La soledad y el aislamiento social son factores clave que influyen en la memoria y el curso del envejecimiento; investigaciones recientes y expertos piden intervención temprana

El mundo envejece a un ritmo acelerado y las estadísticas globales lo dejan claro: la Organización Mundial de la Salud (OMS) prevé que para 2030 una de cada seis personas tendrá 60 años o más, una cifra cercana a 1.400 millones.
En España, por ejemplo, la población mayor de 65 años ya representaba más del 19% en enero de 2026, lo que plantea desafíos sanitarios y sociales. Entre ellos, la soledad y el aislamiento social emergen como problemas que trascienden lo emocional y inciden directamente en la salud física y cognitiva.
La dimensión social del envejecimiento
La presencia de más personas en edades avanzadas no implica automáticamente redes de apoyo más sólidas.

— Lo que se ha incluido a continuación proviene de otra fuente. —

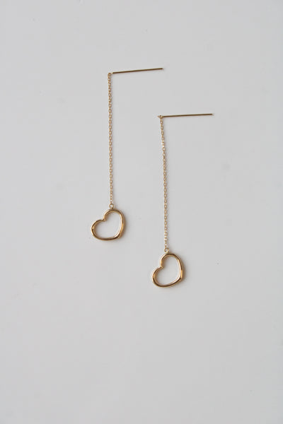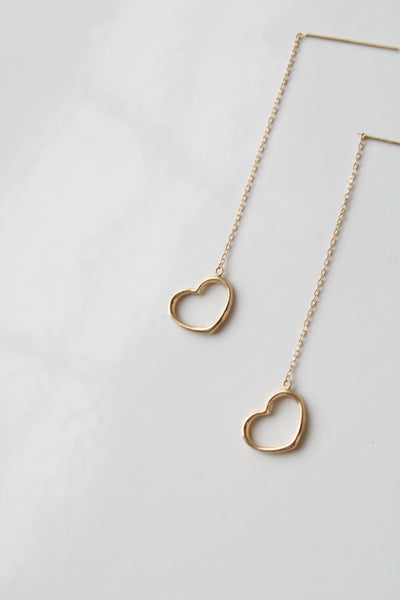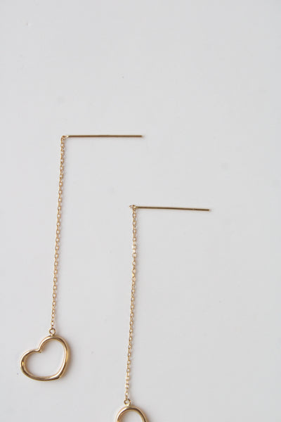 14K Yellow Gold Heart Threader Earrings
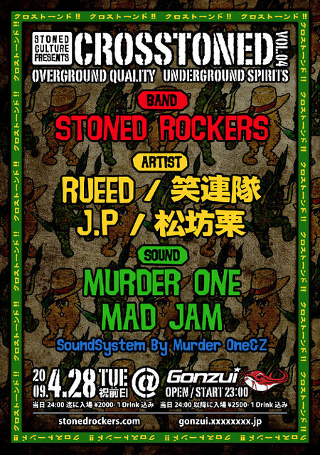 ついにvol.4となるCrosstoned。今回は3/6のドラゴンクラブリリパも満員御礼大好評だったRueedを筆頭に、去年の12月に"feel the R"で茅ヶ崎RikiRikiDeliを爆笑の渦に巻き込んだスーパーカルテット笑連隊、葉山地域代表JP,ゴンズイ代表松坊栗を迎えさらに激しく辻堂の夜を揺らす。サウンドはもちろん、MurderOne,そしてMadJam。毎回ソールドアウトのこのスーパーイベント、今回は先着100名様まで。ゴンズイで電話予約できるから、今すぐゲット!!
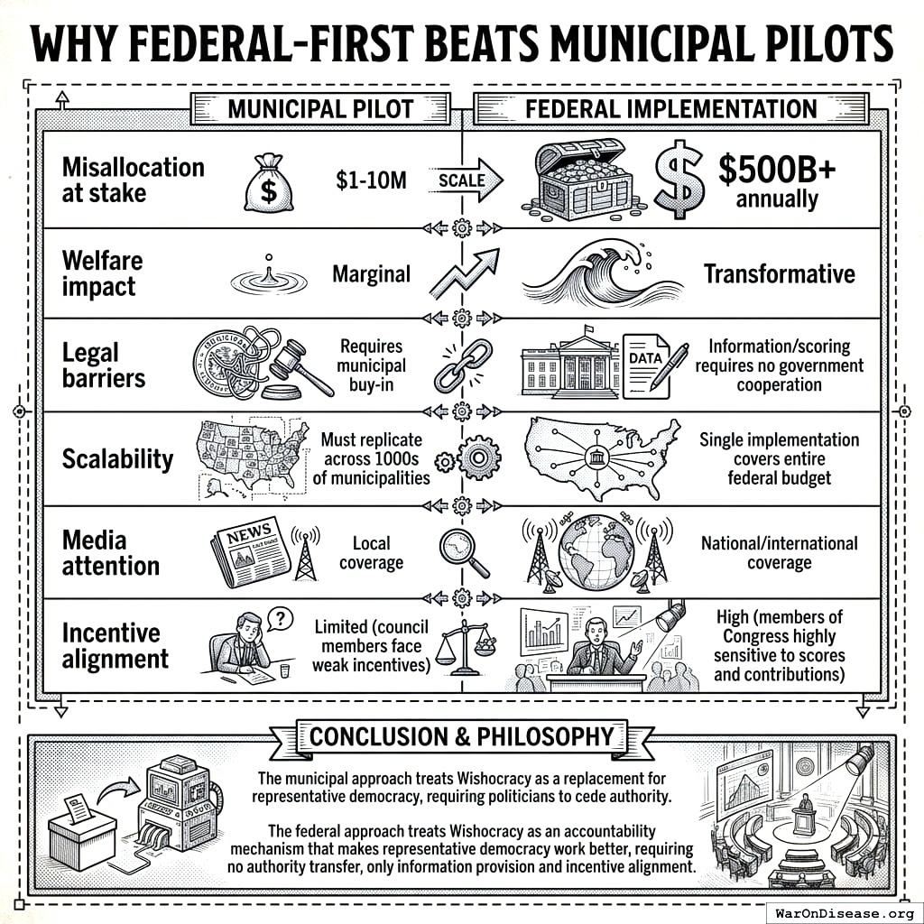 vTaiwan’s limitations (lack of binding authority, limited scope, and eventual political marginalization) provide crucial lessons. Wishocracy addresses these by proposing integration with actual budget allocation rather than advisory recommendations.
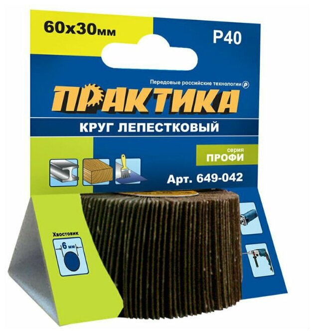 Круг лепестковый с оправкой 60х30мм, P 40, хвостовик 6 мм, серия Профи ПРАКТИКА 649-042 интересное:
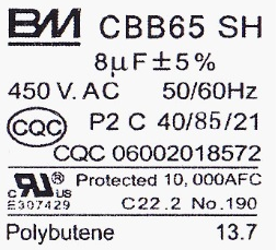 :UL認(rèn)證標(biāo)志,下面的數(shù)字是BM電容UL認(rèn)證的證書編號(hào)。
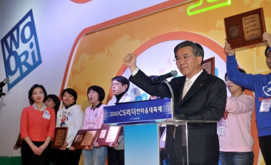 | 지난 4월 개최된 우리은행 CS리더한마음 대축제에 참석한 이종휘 행장이 파이팅을 외치고 있다. |
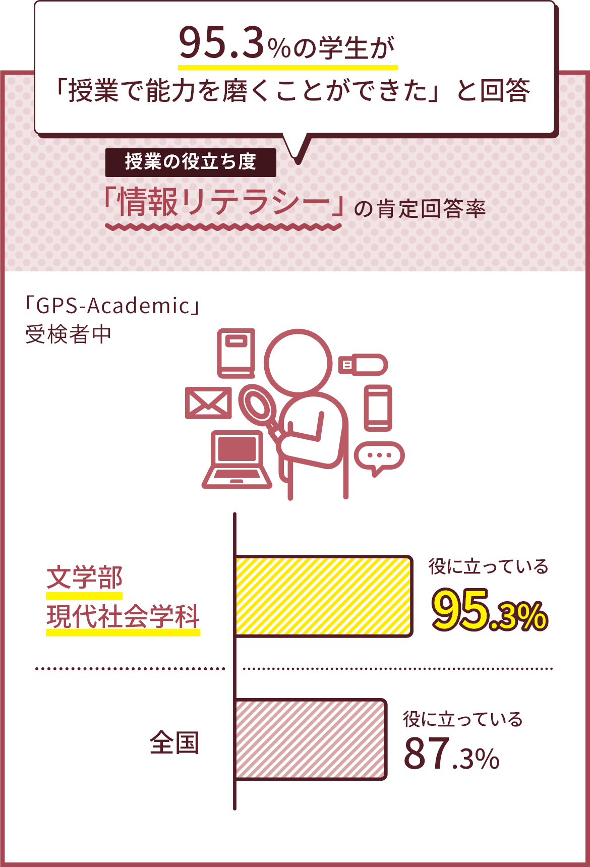 グループワークやディスカッションで培った力は、就職活動でも活かすことができました。まとめ役を多く引き受けたおかげで、インターンシップの際に「みんなの意見を引き出してまとめてくれるのがよかった」と評価いただいたり、その場で考える機会が何度もあったおかげで、面接で想定外の質問があっても対応できたりなど、現代社会学科で学んできたからこそ力を発揮できたと感じる場面がたくさんありました。大学卒業後は、銀行で働くことが決まっています。金融機関を選んだのは、あらゆる業界の方がクライアントになる可能性があり、社会について大学で幅広く学んだ知見を活かせるのではと考えたからです。また4年間で身につけた「聴く力」も現場で役立つと考えています。窓口にいらっしゃるお客様は、「本当に困っていること」や「してほしいこと」を必ずしもストレートに伝えてくれるとは限りません。そこでは、お客様が話しやすい雰囲気をつくりながら、その言葉をしっかり受け止めるコミュニケーションが大切になります。お客様一人ひとりと向き合い、信頼関係を築いていける銀行員になることが目標です。

Según expertos como Luis Carlos Venegas Sanabria, de la Universidad de Rosario (Colombia), muchos envejecen sin una red cercana, lo que obliga a repensar los vínculos sociales. Propuestas como el cohousing o los modelos de senior living buscan crear entornos compartidos donde las personas mayores mantengan contactos habituales. Estas alternativas funcionan como herramientas prácticas para reforzar la participación y reducir la vulnerabilidad asociada a la fragilidad social.
Distinguiendo conceptos: soledad versus aislamiento
Es clave diferenciar soledad de aislamiento social. La soledad es una experiencia subjetiva: alguien puede sentirse solo aun teniendo una familia numerosa o amigos. En cambio, el aislamiento social describe una limitación objetiva para participar en actividades o mantener contactos, por motivos logísticos, físicos o cognitivos. Ambos fenómenos se solapan pero no son sinónimos, y cada uno exige respuestas específicas desde la salud pública y la atención primaria.
Consecuencias para la cognición
La relación entre interacción social y funcionamiento cognitivo es bidireccional. La soledad puede favorecer la aparición de problemas cognitivos y, a la inversa, el deterioro cognitivo puede conducir al retraimiento social. Este círculo vicioso incrementa el riesgo de trastornos afectivos como la depresión y acelera el declive funcional. Por ello, es importante identificar tanto la sensación de soledad como las barreras materiales que impiden la socialización.
Qué dicen los estudios y qué implicaciones tienen
La literatura reciente aporta datos contundentes. En 2026 se publicó un estudio con 13.782 mujeres y 6.406 hombres que analizó cómo la concurrencia de aislamiento social y soledad se relacionaba con la probabilidad de un envejecimiento saludable. Los resultados mostraron que, especialmente en mujeres, la coexistencia de ambos factores se asoció con una probabilidad notablemente menor de mantener salud en la vejez, lo que subraya la necesidad de redes de apoyo más allá del control de factores de riesgo clásicos.
Investigación sobre memoria y seguimiento
En un trabajo con fuerte implicación española publicado en Aging & Mental Health, Venegas y su equipo —con investigadores de la Universidad de Valencia y la Universidad de Navarra— evaluaron el vínculo entre soledad y la evolución de la memoria. Excluyeron a personas con demencia y partieron de la premisa de que la memoria tiende a declinar con la edad; lo determinante es la velocidad y la magnitud de ese descenso. Tras seis años de seguimiento de más de 10.000 participantes, observaron que quienes reportaban una alta sensación de soledad iniciaban el seguimiento desde un nivel de memoria más bajo y, aunque la pendiente de declive fue similar, terminaron con peor rendimiento global.
Interpretación y lecciones
Estos hallazgos sugieren que la soledad puede dejar un rastro temprano en las funciones cognitivas, de modo que intervenir solo en la vejez podría ser insuficiente para restaurar el daño. Los autores y expertos coinciden en que la evaluación de la soledad debe incorporar a consultas en edades intermedias y no limitarse a la atención geriátrica.
Recomendaciones prácticas
Desde la práctica clínica y las políticas públicas se recomienda promover redes sociales extendidas que incluyan amigos y grupos con intereses comunes, fomentar iniciativas como el cohousing, y entrenar a profesionales para detectar soledad y aislamiento en pacientes de todas las edades. En definitiva, atender la dimensión social es tan esencial como controlar la presión arterial o el colesterol cuando el objetivo es preservar la memoria y la calidad de vida en el envejecimiento.
Conclusión
La evidencia y la voz de especialistas como Venegas señalan que la soledad y el aislamiento social son determinantes del curso cognitivo en la vejez. Actuar temprano, diseñar entornos sociales inclusivos y evaluar estas condiciones en consultas médicas son pasos imprescindibles para mitigar su impacto y promover un verdadero envejecimiento saludable.